Adam Ellwanger writes for the Martin Center about problems plaguing the academic peer review process.

Academics are growing wary of the peer review process amid mounting evidence that it is compromised by ideological biases and that it does not effectively or reliably ensure the quality of published research. Further, it is increasingly evident that the academic publishing industry’s primary reason for being is not to disseminate new knowledge to the public, but rather to serve as a bureaucratic metric for professional advancement. While the failure of the traditional peer review process might seem to justify pessimism on the part of scholars, the good news is that some academics are reimagining how academic publishing can work.

Recently, I had a chance to talk to two professors who have developed an alternative to the corrupted process of peer review. Dr. Harry Crane (Professor of Statistics at Rutgers) and Dr. Ryan Martin (Professor of Statistics at North Carolina State University) are the founders of Researchers.One, an online platform that allows scholars to publish new research and facilitates a critical dialogue to refine new scholarship. Our conversation addressed some of the shortcomings of the peer review process as it currently exists, and we discussed how the Researchers.One platform not only restores the most important functions of academic publishing, but also how it returns the ownership of intellectual property to the scholars themselves. …

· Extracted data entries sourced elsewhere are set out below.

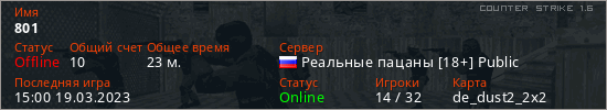 Играет на Counter Strike 1.6 сервере. Страна: РоссияПервый раз замечен 14:39 19.03.2023
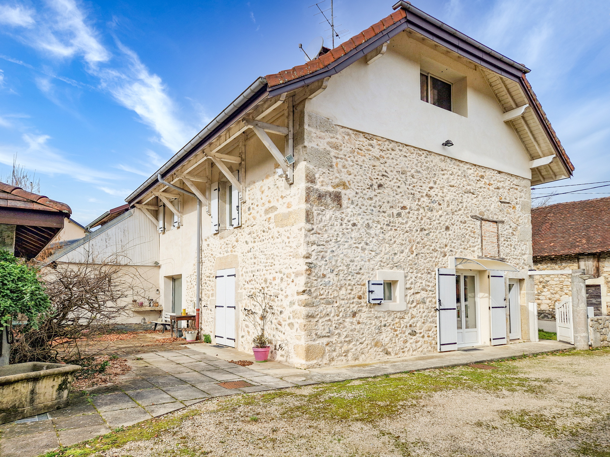 Gilles BUISSON vous propose, à Brens et en exclusivité cette jolie maison en pierres mitoyenne sur un côté sans gêne offrant environ 180 m2 habitables + une dépendance d'environ 150 m2 au sol sur un terrain de 1200 m2 cadastré.
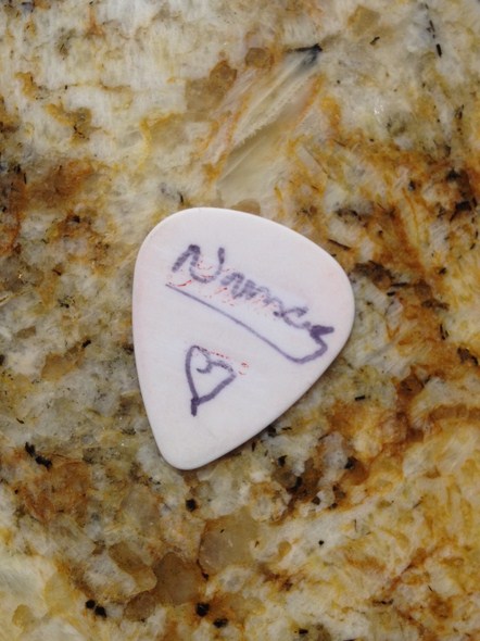 I was also lucky enough to get a memento from the show – a stage used guitar pick used and autographed by Nancy Wilson:
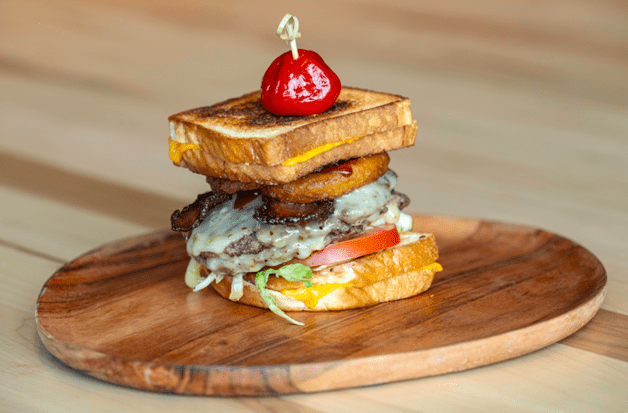 You’re sure to come back around for these locally raised beef patties decked out with smoked bacon, American cheese, Merry-Go-Round sauce, and LTOP.
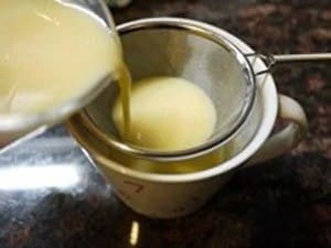 茶こしでこしながらプリン液をマグカップに注ぎます。表面がふんわりと盛り上がるくらいまで、500Wの電子レンジに約2分30秒かけます。
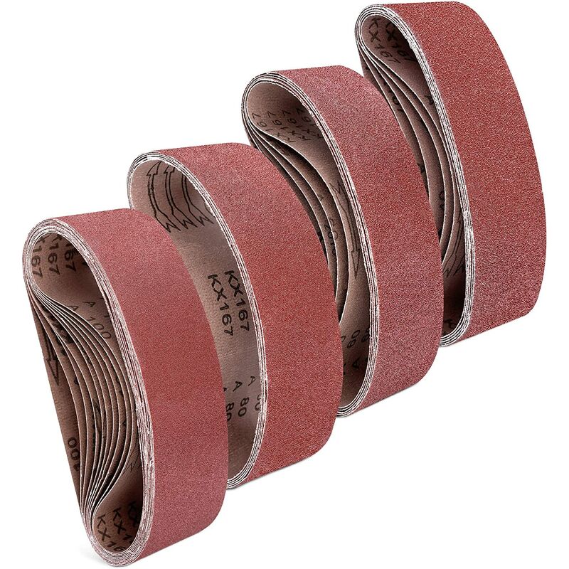 CONFEZIONE CONVENIENTE: i cinturini ti aiutano a levigare più facilmente legni duri e teneri, gomma, pelle, plastica, pietra, vetro e metallo. La confezione da 25 offre molte possibilità. VARI GRANI: La confezione da 25 comprende: 5 pezzi 40, 5 pezzi 60, 5 pezzi 80 e 10 pezzi 100. Scegli l'aspetto di finitura che vuoi donare. SCELTA DEL LEGNO: Accessorio per levigatura ambivalente! Che si tratti di legno duro o tenero, materiali con componenti in legno o trucioli, o anche metallo, le lastre rimangono utilizzabili. COMPATIBILITA': Le strisce di carta vetrata possono essere attaccate a una normale levigatrice a nastro abrasivo meccanico/elettrico. NOTA: indossare protezioni per le orecchie e per gli occhi quando si utilizza una levigatrice orbitale per evitare schegge e detriti volanti.
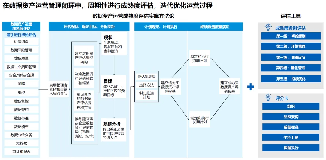 数据资产运营需建立闭环的成熟度评估机制,迭代优化运营过程。评估实施流程包括:
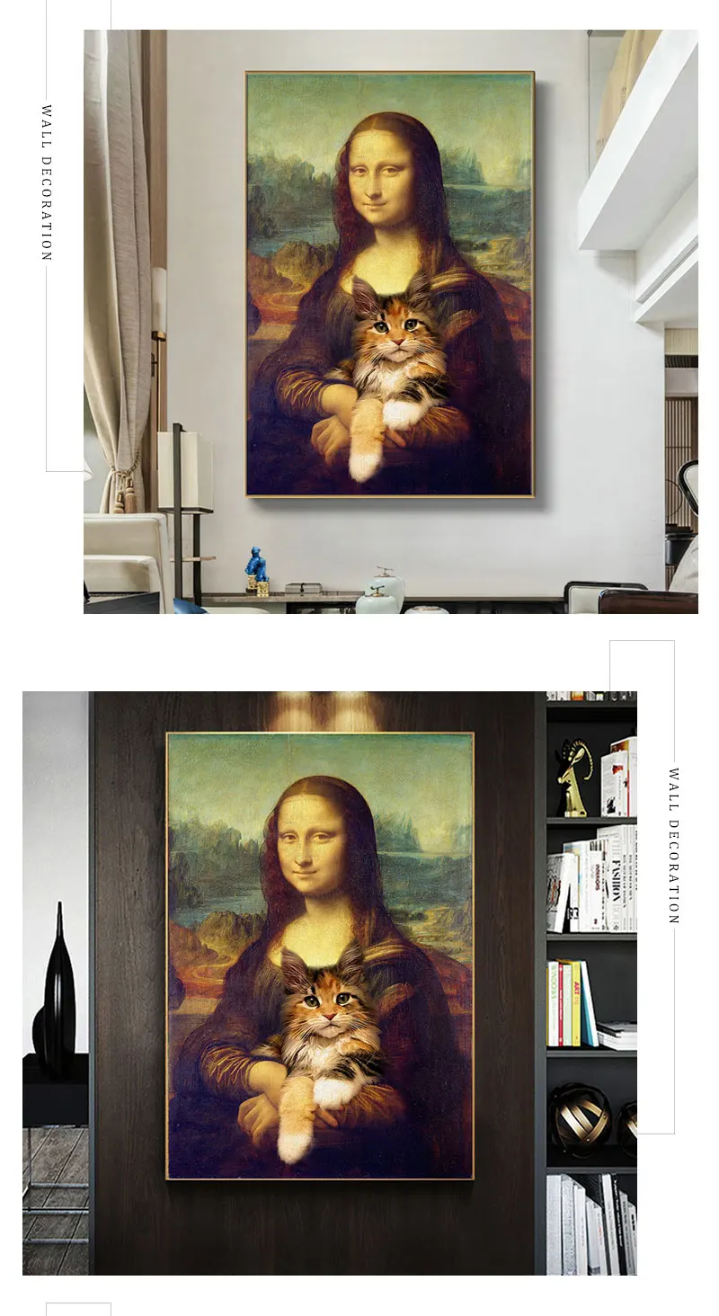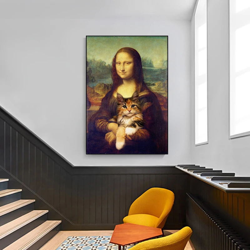Картина маслом Мона Лиза с Котом, классический портрет, Картина на холсте, Настенная картина для дома, художественные плакаты и принты
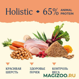 - Гипоаллергенный – один вид мяса в составе, отсутствие курицы и глютена минимизирует риск развития аллергической реакции у питомца.
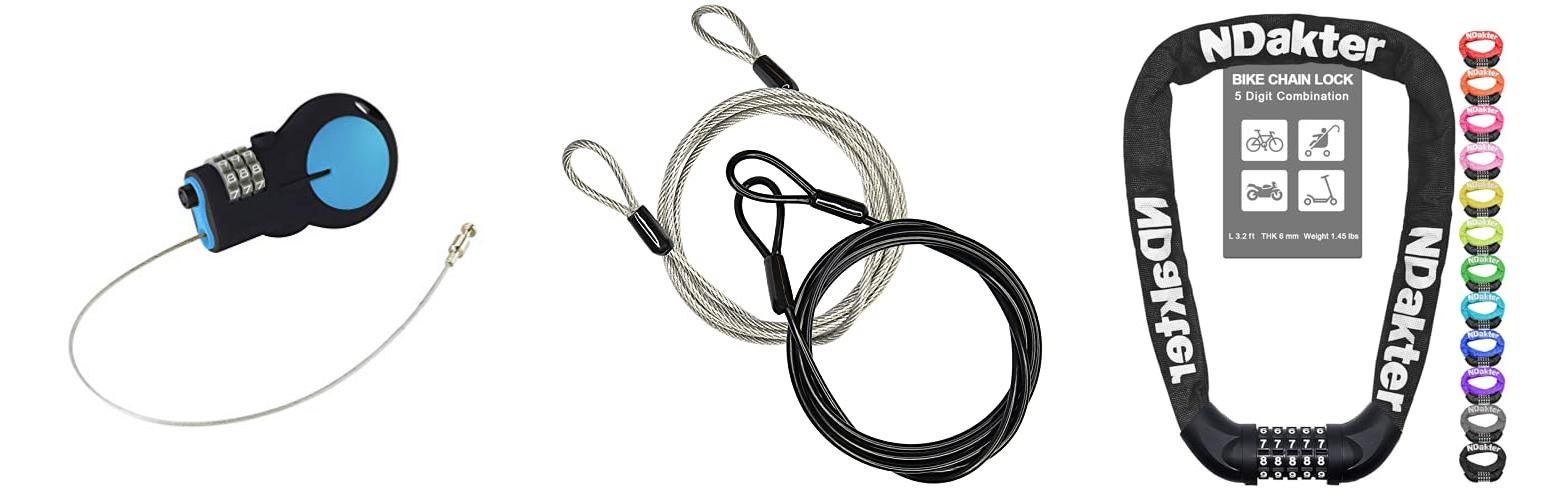 - Chain locks: These are flexible and can lock to many things. They can also be heavy.
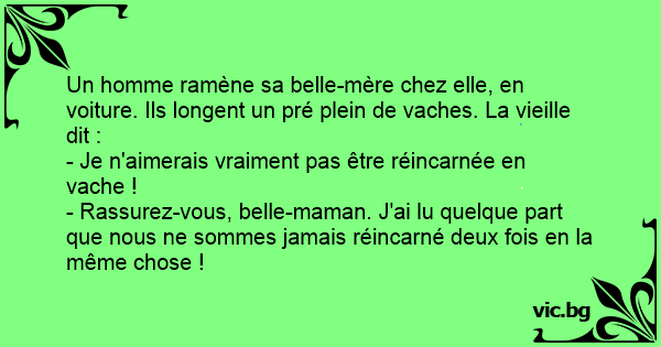 - Rassurez-vous, belle-maman. J'ai lu quelque part que nous ne sommes jamais réincarné deux fois en la même chose !
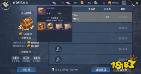 与商会成员组建商队在十五分钟内尽可能贸易五种系统制定物品达到高的贸易额,最终根据贸易额排名,系统会发放商队奖励以及商会排名奖励。奖励包括黄色船舱图纸、商贡、命运石、商会投资券等。
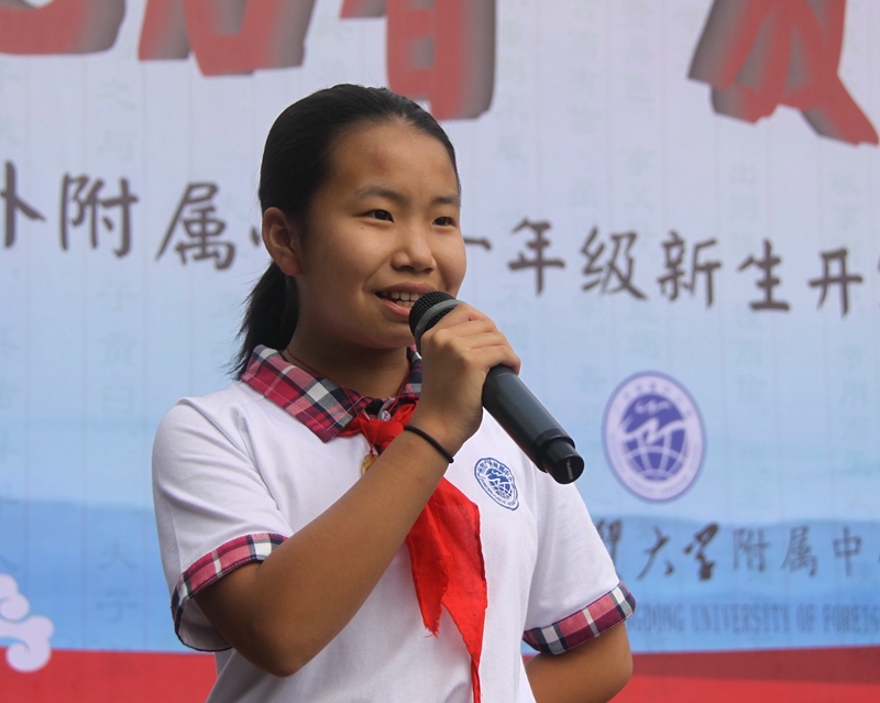 六2班顾恒嫣同学带领一年级学生作新生宣言
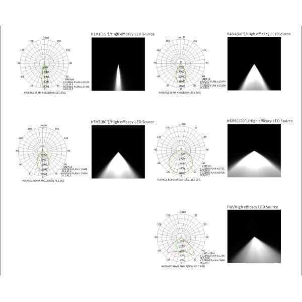 2.For Beam angle H1V1,H4V4 and H5V5,the luminous flux will be 15%
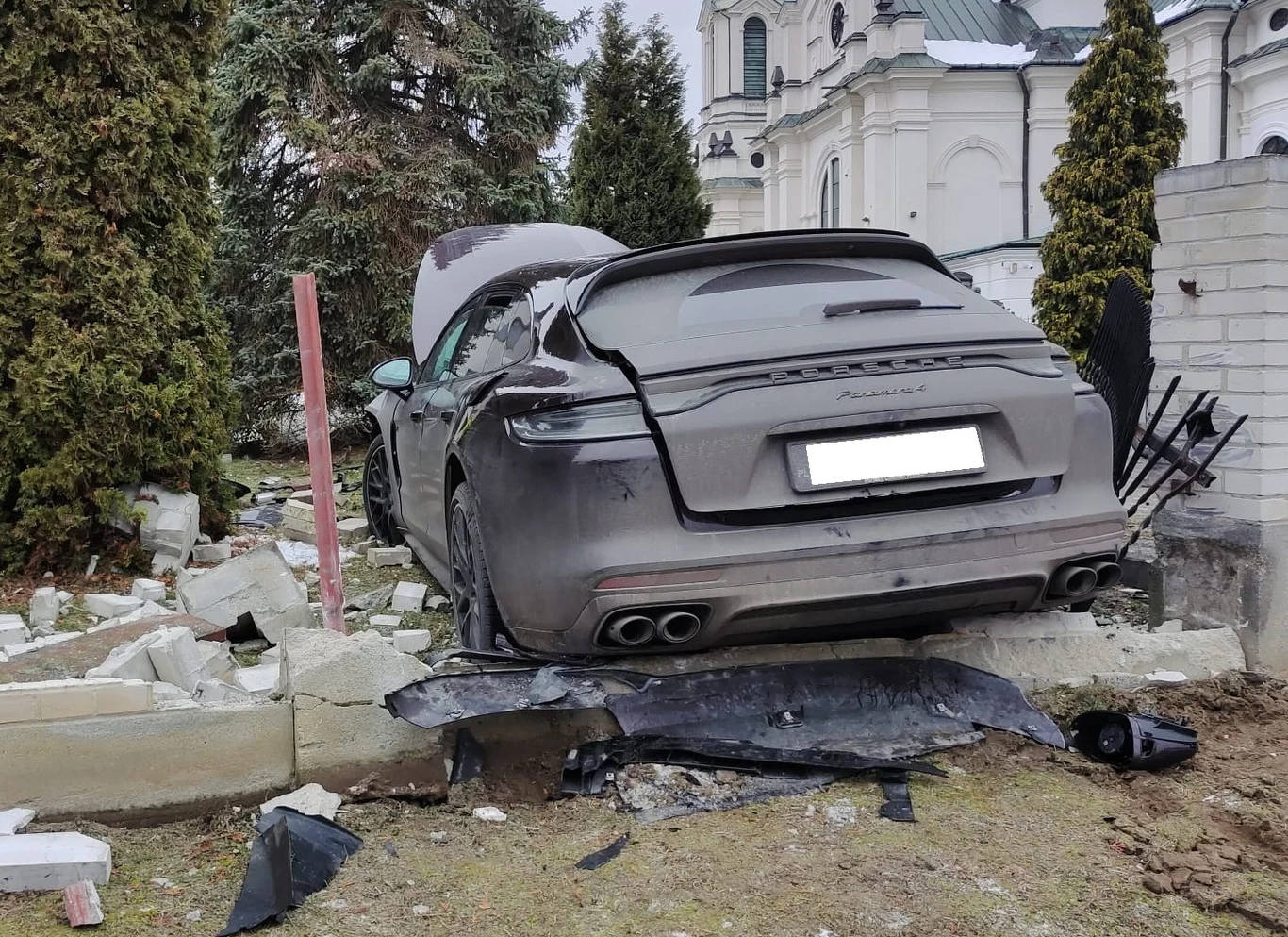 Okazało się, że kierowca Porsche Panamery tak bardzo nie chciał się spóźnić na poranną mszę, że przesadził z prędkością, stracił panowanie nad samochodem, z impetem wbił się w przykościelne, murowane ogrodzenie i dopiero wtedy - z pewnością efektownie - zatrzymał się przed kościołem.
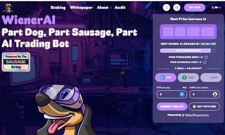 WienerAI – Popularni AI meme token sa potencijalom za 1000x rast. Prikupio je skoro $600k za nedelju dana.
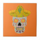 Esta impresionante baldosa presenta una imagen de diseño gráfico de un cráneo inspirado en el Día de los Muertos de México. El cráneo es de color gris pálido y lleva un sombrero amarillo. Tiene dientes de oro y girasoles mexicanos, también llamados Tithonias< en lugar de ojos. El sombrero tiene un cactus encima y está cubierto por motivos de remolinos de bonito y pimientos de chile rojos y verdes. El cráneo está cubierto de flores de color bonito de diferentes tipos.
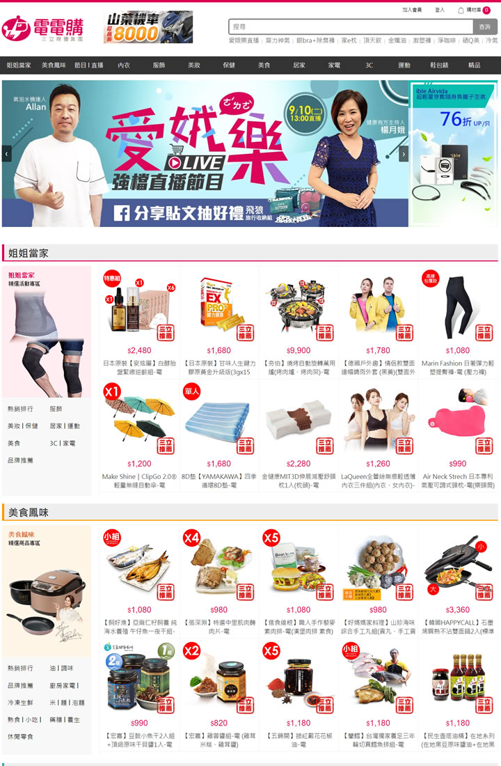 姐姐當家、美食鳳味、婆媳當家、健康有方等三立電視節目,為回應廣大觀眾的建議與需求,為您實現電視里的美好生活,特別成立「電電購」專屬您的電視電商平臺。姐姐當家、美食鳳味、婆媳當家、健康有方等節目里的內衣、鍋子、器具、保養品、保健食品等,都可以在電電購輕松買到!電電購商品皆由多年經驗的專業開發人員挑選審議,為您追蹤最新流行、最好品質、最優價格的商品,電視看得到,電電購買得到!
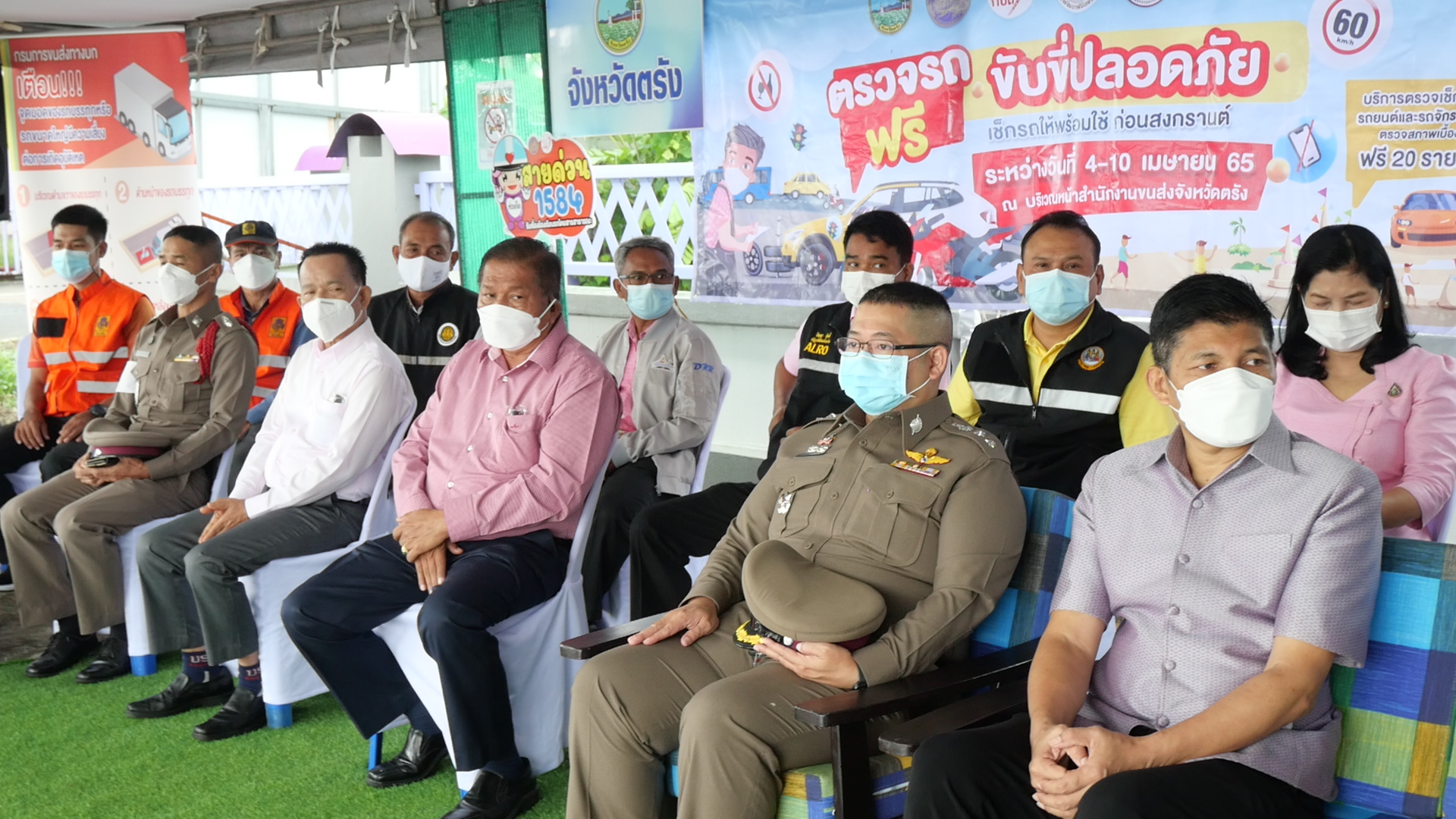 สำหรับการจัดกิจกรรม “ตรวจรถฟรี ขับขี่ปลอดภัย” จะดำเนินการระหว่างวันที่ 4-10 เมษายน 2565 ณ บริเวณหน้าสำนักงานขนส่งจังหวัดตรัง อำเภอเมืองตรัง จังหวัดตรัง เพื่อให้ประชาชนในจังหวัดตรัง และประชาชนที่สัญจรผ่านเข้าออกจังหวัดตรัง ได้เดินทางโดยสวัสดิภาพและปลอดภัย โดยให้บริการตรวจรถฟรีทั้งรถยนต์ และรถจักรยานยนต์ และบริการเปลี่ยนอุปกรณ์และอะไหล่ที่จำเป็นเบื้องต้น เช่น หลอดไฟ เปลี่ยนถ่ายน้ำมันเครื่อง เช็คล้อ ยาง ฯลฯ ซึ่งประชาชนที่มีความประสงค์จะนำรถเข้าตรวจสภาพและความพร้อมก่อนนำไปใช้บนท้องถนนในช่วงเทศกาลสงกรานต์ พ.ศ.2565 ได้รับบริการ และเกิดความมั่นใจก่อนนำรถไปใช้เพื่อเป็นการป้องกันและลดอุบัติเหตุทางถนน และเดินทางท่องเที่ยวด้วยความปลอดภัยต่อไป อย่างไรก็ตามทางจังหวัดตรังคาดหวังจะไม่มีผู้เสียชีวิตจากอุบัติเหตุช่วงเทศกาลสงกรานต์ เนื่องจากในช่วงเทศกาลปีใหม่ที่ผ่านมาจังหวัดตรังไม่มีผู้เสียชีวิตจากอุบัติเหตุช่วงเทศกาลปีใหม่

… Ryan Martin (RM): It helps to step back and think about the origin of the peer review process. The initial idea was that it was difficult to communicate these scientific developments, and so some kind of centralized type of organization was necessary to disseminate these ideas. But recently, a positive judgment from peer reviewers is thought of as an objective indicator of quality. And that’s not necessarily true.

Today, the bestowal of this mark of quality has become the primary role of the peer review process. But this creates a disincentive, especially for junior folks, to try to branch out and develop genuinely new ideas.